▽
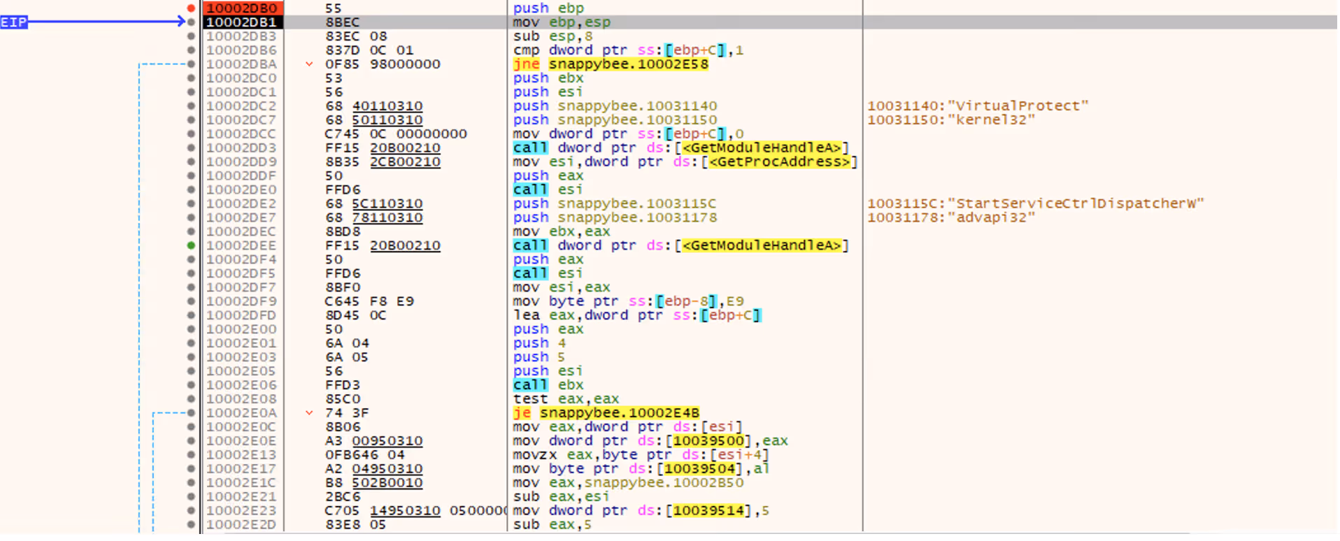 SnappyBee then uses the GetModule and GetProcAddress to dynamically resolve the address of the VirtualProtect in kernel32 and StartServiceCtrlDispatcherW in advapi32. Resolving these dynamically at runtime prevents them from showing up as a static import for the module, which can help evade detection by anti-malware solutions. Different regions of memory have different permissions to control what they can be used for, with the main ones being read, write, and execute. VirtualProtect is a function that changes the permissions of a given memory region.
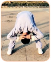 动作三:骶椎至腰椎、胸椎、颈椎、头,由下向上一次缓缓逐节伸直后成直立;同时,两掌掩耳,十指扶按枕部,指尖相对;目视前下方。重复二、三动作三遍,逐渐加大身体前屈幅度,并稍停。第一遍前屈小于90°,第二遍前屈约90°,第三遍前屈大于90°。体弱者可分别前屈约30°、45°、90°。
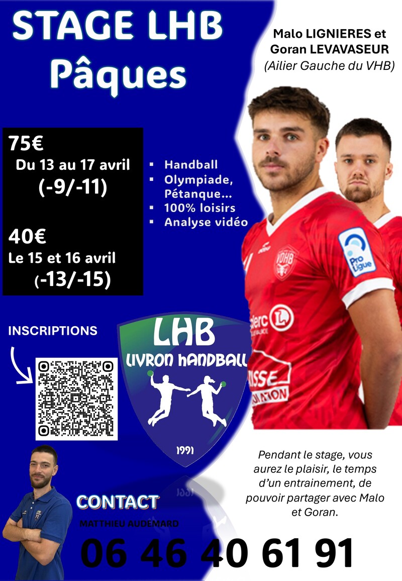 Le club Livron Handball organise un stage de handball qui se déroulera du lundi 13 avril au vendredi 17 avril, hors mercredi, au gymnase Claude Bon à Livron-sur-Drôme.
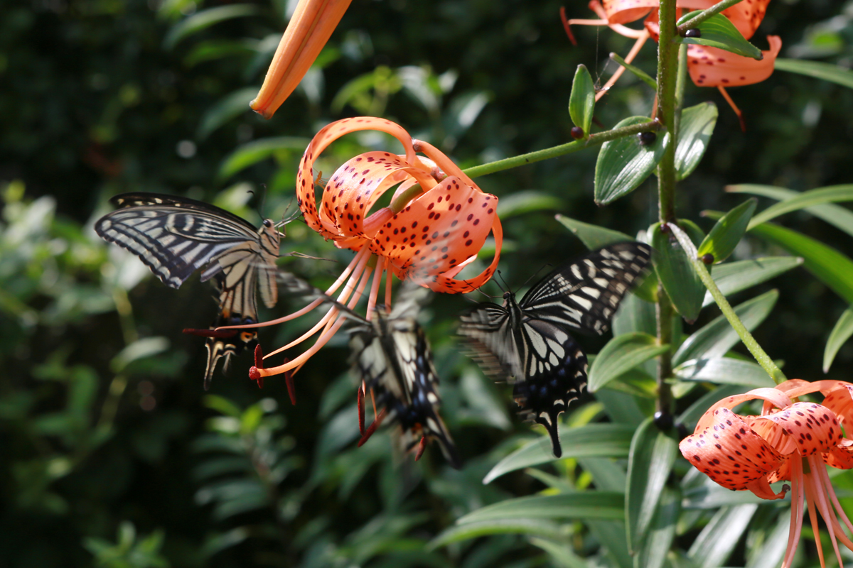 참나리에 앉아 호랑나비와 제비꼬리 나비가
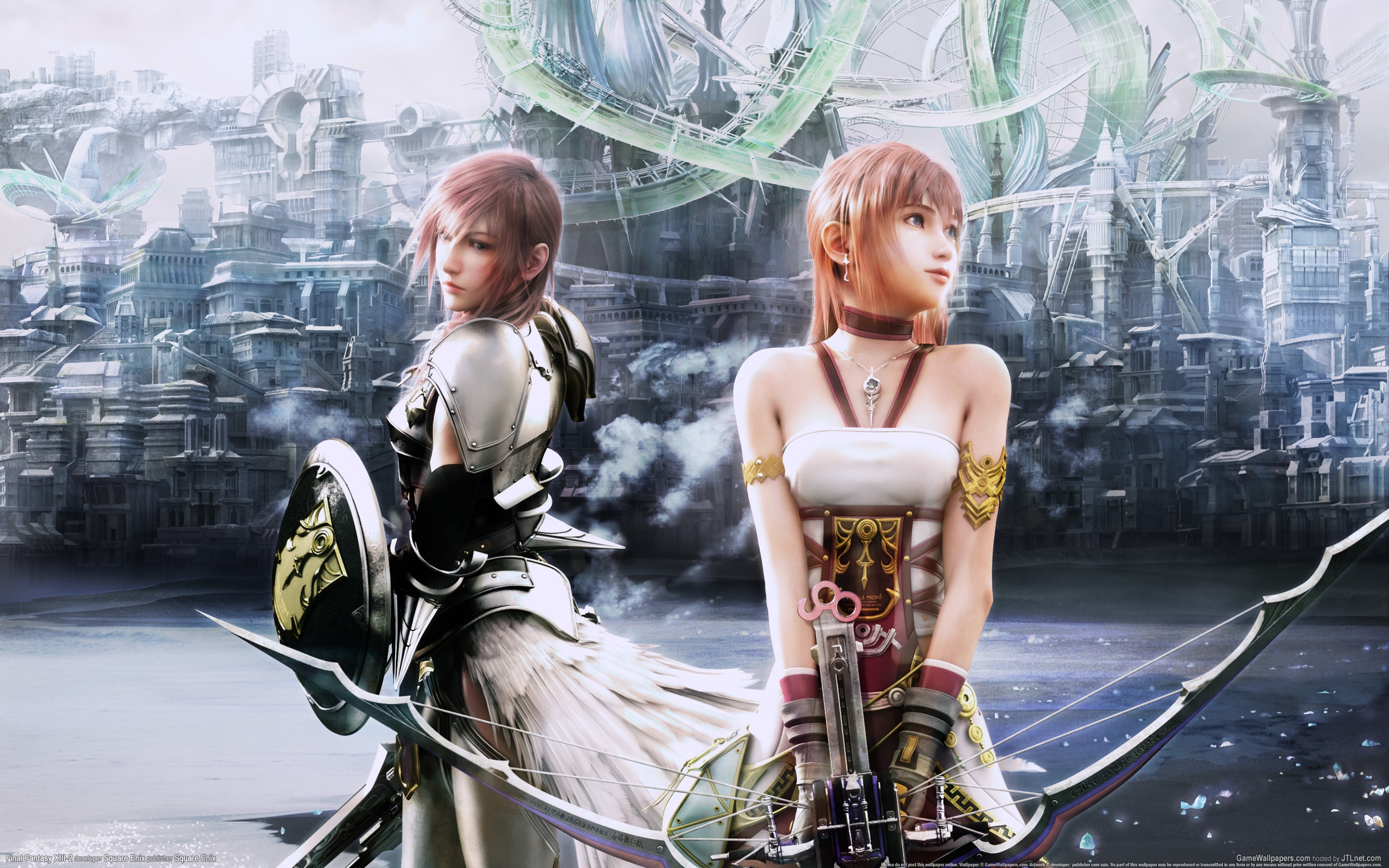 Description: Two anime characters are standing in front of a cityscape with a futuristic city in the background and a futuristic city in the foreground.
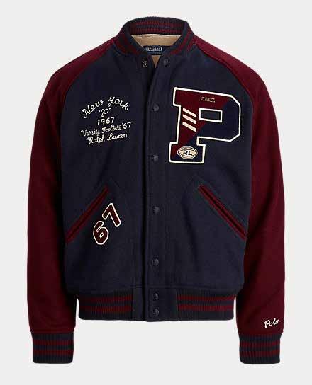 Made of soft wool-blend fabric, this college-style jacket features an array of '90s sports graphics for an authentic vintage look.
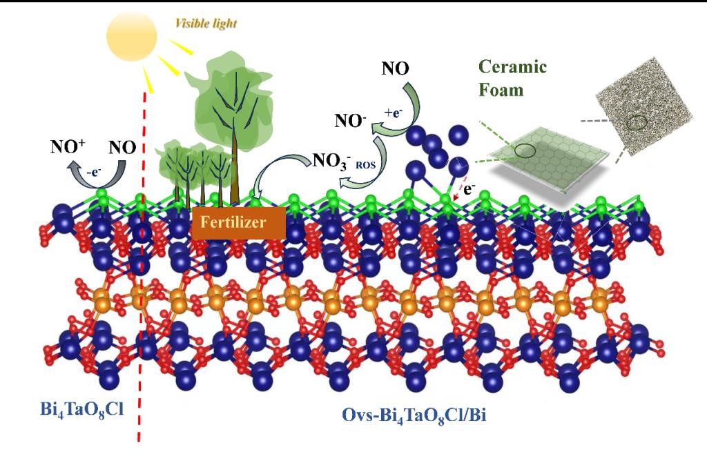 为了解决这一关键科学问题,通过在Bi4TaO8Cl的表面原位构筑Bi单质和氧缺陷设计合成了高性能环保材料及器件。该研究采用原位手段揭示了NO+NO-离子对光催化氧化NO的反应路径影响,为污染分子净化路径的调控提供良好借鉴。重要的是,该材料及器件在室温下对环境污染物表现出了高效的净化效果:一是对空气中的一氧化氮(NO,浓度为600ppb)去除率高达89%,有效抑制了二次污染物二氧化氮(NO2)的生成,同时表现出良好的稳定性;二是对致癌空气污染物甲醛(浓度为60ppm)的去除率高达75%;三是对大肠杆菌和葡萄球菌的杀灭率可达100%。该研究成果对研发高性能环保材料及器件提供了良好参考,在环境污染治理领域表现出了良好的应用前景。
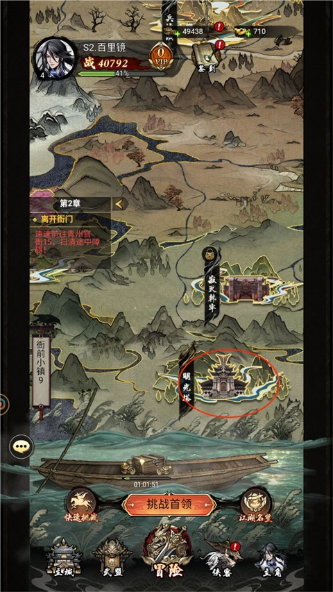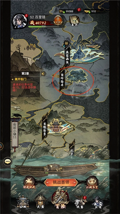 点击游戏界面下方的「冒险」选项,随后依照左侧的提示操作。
△
**PROBLEM DESCRIPTION:** No picture belongs in the answer; the rest of the records must be repeated exactly.

**WRITTEN RESPONSE:**
 SnappyBee then uses the GetModule and GetProcAddress to dynamically resolve the address of the VirtualProtect in kernel32 and StartServiceCtrlDispatcherW in advapi32. Resolving these dynamically at runtime prevents them from showing up as a static import for the module, which can help evade detection by anti-malware solutions. Different regions of memory have different permissions to control what they can be used for, with the main ones being read, write, and execute. VirtualProtect is a function that changes the permissions of a given memory region.
 动作三:骶椎至腰椎、胸椎、颈椎、头,由下向上一次缓缓逐节伸直后成直立;同时,两掌掩耳,十指扶按枕部,指尖相对;目视前下方。重复二、三动作三遍,逐渐加大身体前屈幅度,并稍停。第一遍前屈小于90°,第二遍前屈约90°,第三遍前屈大于90°。体弱者可分别前屈约30°、45°、90°。
 Le club Livron Handball organise un stage de handball qui se déroulera du lundi 13 avril au vendredi 17 avril, hors mercredi, au gymnase Claude Bon à Livron-sur-Drôme.
 참나리에 앉아 호랑나비와 제비꼬리 나비가
 Description: Two anime characters are standing in front of a cityscape with a futuristic city in the background and a futuristic city in the foreground.
 Made of soft wool-blend fabric, this college-style jacket features an array of '90s sports graphics for an authentic vintage look.
 为了解决这一关键科学问题,通过在Bi4TaO8Cl的表面原位构筑Bi单质和氧缺陷设计合成了高性能环保材料及器件。该研究采用原位手段揭示了NO+NO-离子对光催化氧化NO的反应路径影响,为污染分子净化路径的调控提供良好借鉴。重要的是,该材料及器件在室温下对环境污染物表现出了高效的净化效果:一是对空气中的一氧化氮(NO,浓度为600ppb)去除率高达89%,有效抑制了二次污染物二氧化氮(NO2)的生成,同时表现出良好的稳定性;二是对致癌空气污染物甲醛(浓度为60ppm)的去除率高达75%;三是对大肠杆菌和葡萄球菌的杀灭率可达100%。该研究成果对研发高性能环保材料及器件提供了良好参考,在环境污染治理领域表现出了良好的应用前景。
 点击游戏界面下方的「冒险」选项,随后依照左侧的提示操作。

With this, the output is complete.